### Exercise data
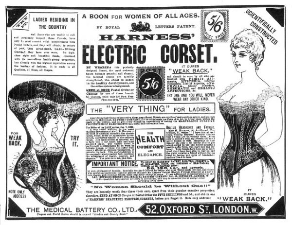 Έτσι και αλλιώς ο κορσές εκείνη την εποχή ήταν ένα βασανιστήριο, αλλά φανταστείτε να έχει ρεύμα. Υπόσχονταν από κάψιμο λίπους, έχρι και ανόρθωση στήθους, ακόμα και λύση στη δυσκοιλίοτητα.
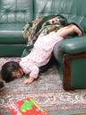 ソファーで寝ているうちに ドン と落ちた瑠衣。
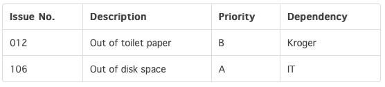 - Issue This is something that you or your team would normally be able handle on your own, but something went wrong. It’s an issue because it might affect your budget, schedule, quality, or deliverable. It’s something that can be worked around, but ultimately needs fixing. Maybe you think it’s a small low-priority issue that might wait until the next status meeting to on the chance it can be resolved before then, but don’t make that gamble. The last thing you want is for it to become a problem, and then people start asking who knew what and when. Deal with issues before they become problems.

### Task to complete
Everything but the pictures is needed: copy the data above exactly.

### Solution to this task
 Έτσι και αλλιώς ο κορσές εκείνη την εποχή ήταν ένα βασανιστήριο, αλλά φανταστείτε να έχει ρεύμα. Υπόσχονταν από κάψιμο λίπους, έχρι και ανόρθωση στήθους, ακόμα και λύση στη δυσκοιλίοτητα.
 ソファーで寝ているうちに ドン と落ちた瑠衣。
 - Issue This is something that you or your team would normally be able handle on your own, but something went wrong. It’s an issue because it might affect your budget, schedule, quality, or deliverable. It’s something that can be worked around, but ultimately needs fixing. Maybe you think it’s a small low-priority issue that might wait until the next status meeting to on the chance it can be resolved before then, but don’t make that gamble. The last thing you want is for it to become a problem, and then people start asking who knew what and when. Deal with issues before they become problems.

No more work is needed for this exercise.